Just to note, these are “pumpkins,” according to their titles. As much as both Paddy and I both want to call these sculptures “gourds” or squash”—because that’s what they look like—they are not.


The Painting Gallery

Installation view courtesy of the gallery

Installation view courtesy of the gallery

What’s on view: One Zwirner gallery over: colorful, patterned paintings on square surfaces hang from the gallery walls.

Paddy: These paintings are the strongest part of the show. Like all of Kusama’s work there’s a cohesive outsider-like aesthetic—mostly achieved through palette and brushwork—even if the paintings look very different from one another. Some resemble patchwork quilts, others look like monumental doodles or the cartoonish drawings of what one might find under a microscope. All have an obsessive attention to detail. Take all the tiny localized brush marks in “Fear of Youth Overwhelmed by Spring Time of Life,” a sea of hand-painted eyes framed by patches of color filled with dots. I don’t look it and think of anything in the title—it’s just collected iconography—but you can get lost in all the detail. It’s pretty satisfying.

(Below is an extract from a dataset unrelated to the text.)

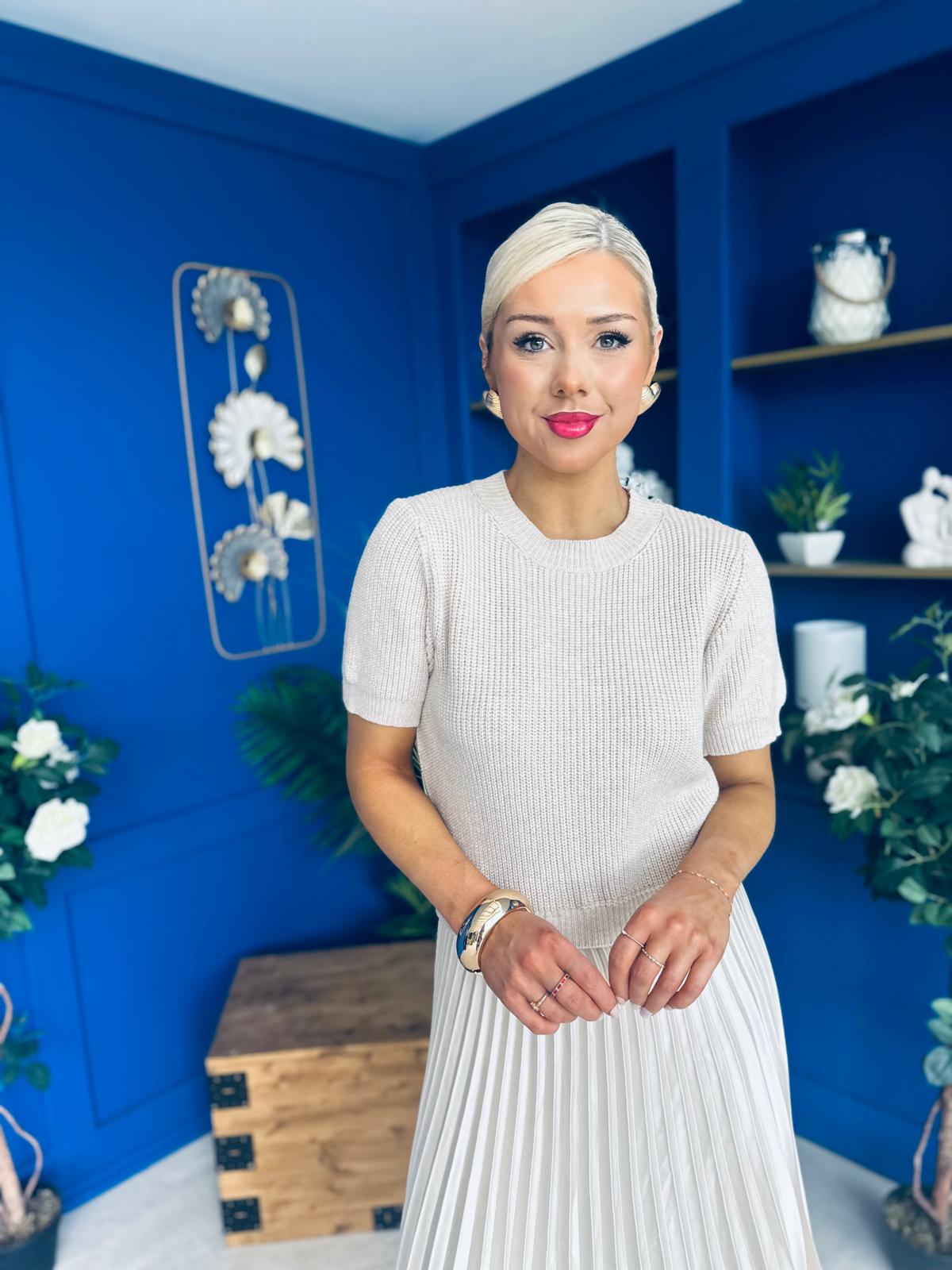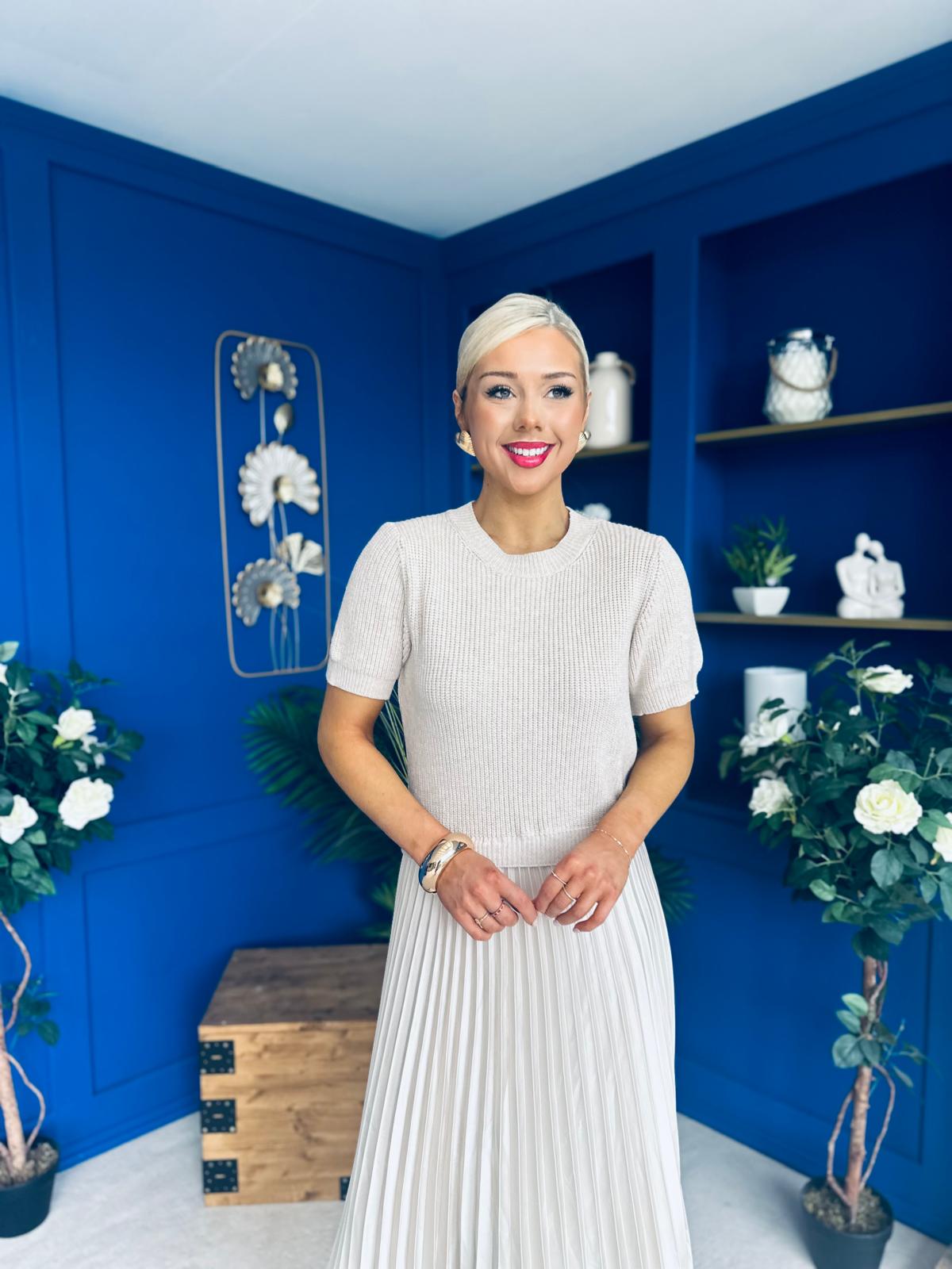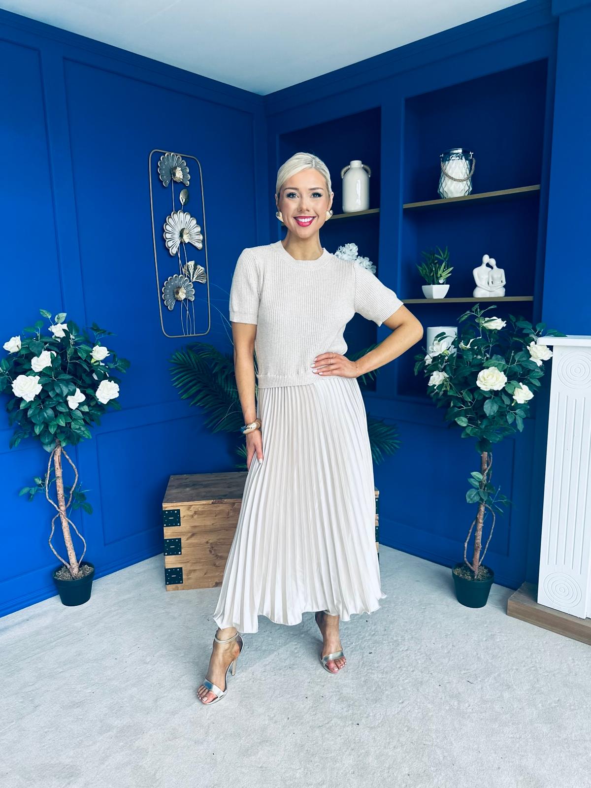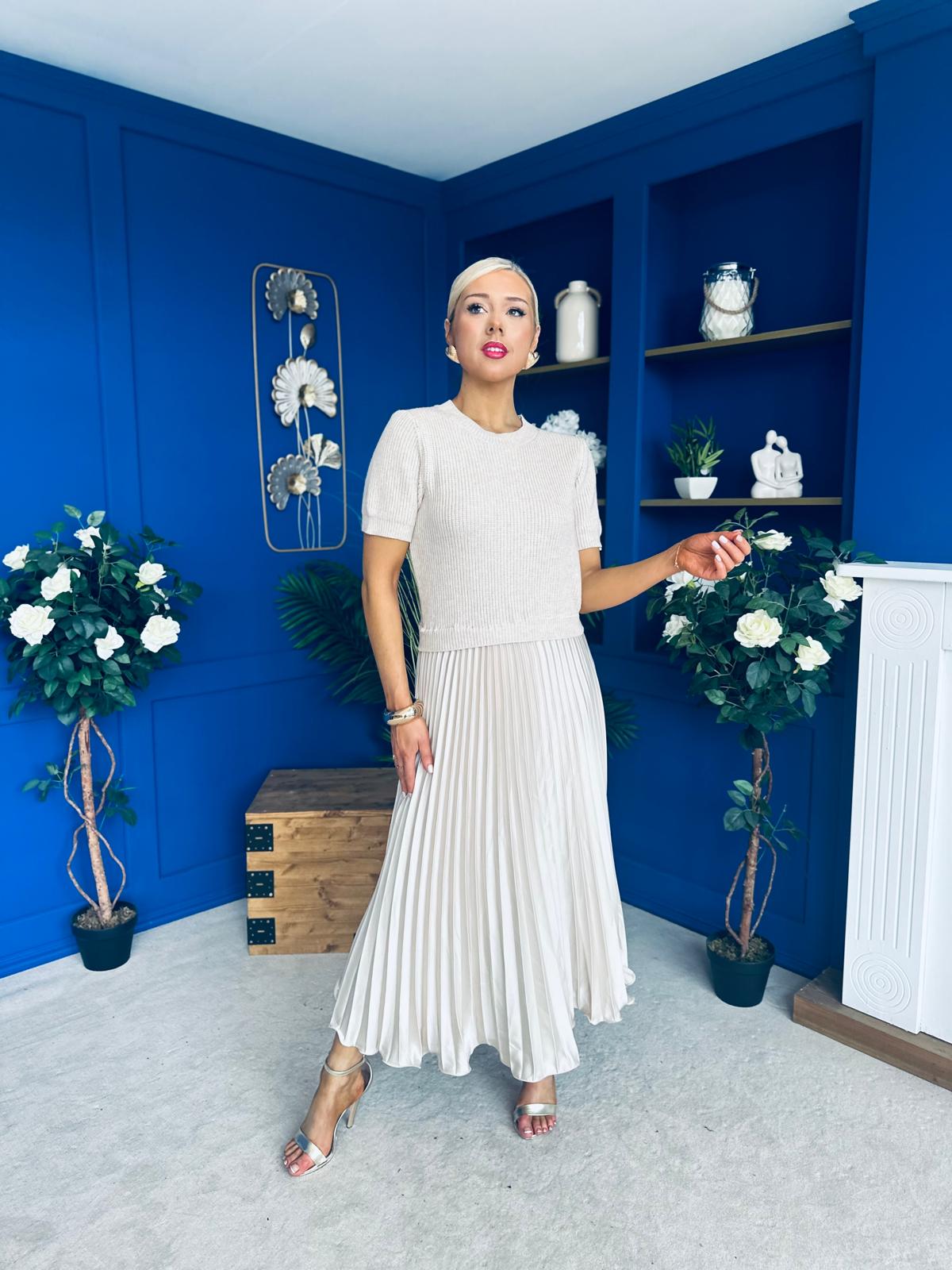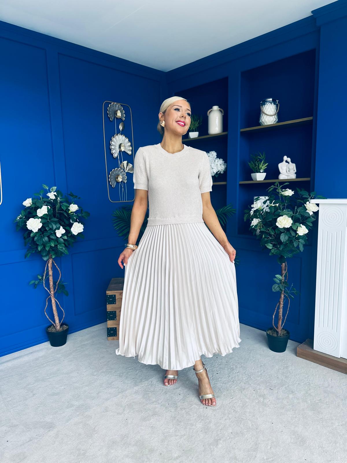 With a wonderful knit 1/2 sleeve top & the most epic pleated satin like skirt, this dress is sure to catch the eye

I wonder, though, just how many of those paintings Kusama is producing. She’s 86 years old and lives in a mental hospital. Is she really running her studio so efficiently that she’s able to produce several shows a year? There’s surely some business gossip we’re not privy to here.

Corinna: I wouldn’t be surprised if she doesn’t make these paintings: they seem to abide by some sort of repetitive formula. Despite all the variation of dots, swirls, and eyes, there’s an uninteresting sameness to these works. One work, “My Life,” is masterful; it shows a lavender web of eyes with some semblance of depth, unlike all the other canvases.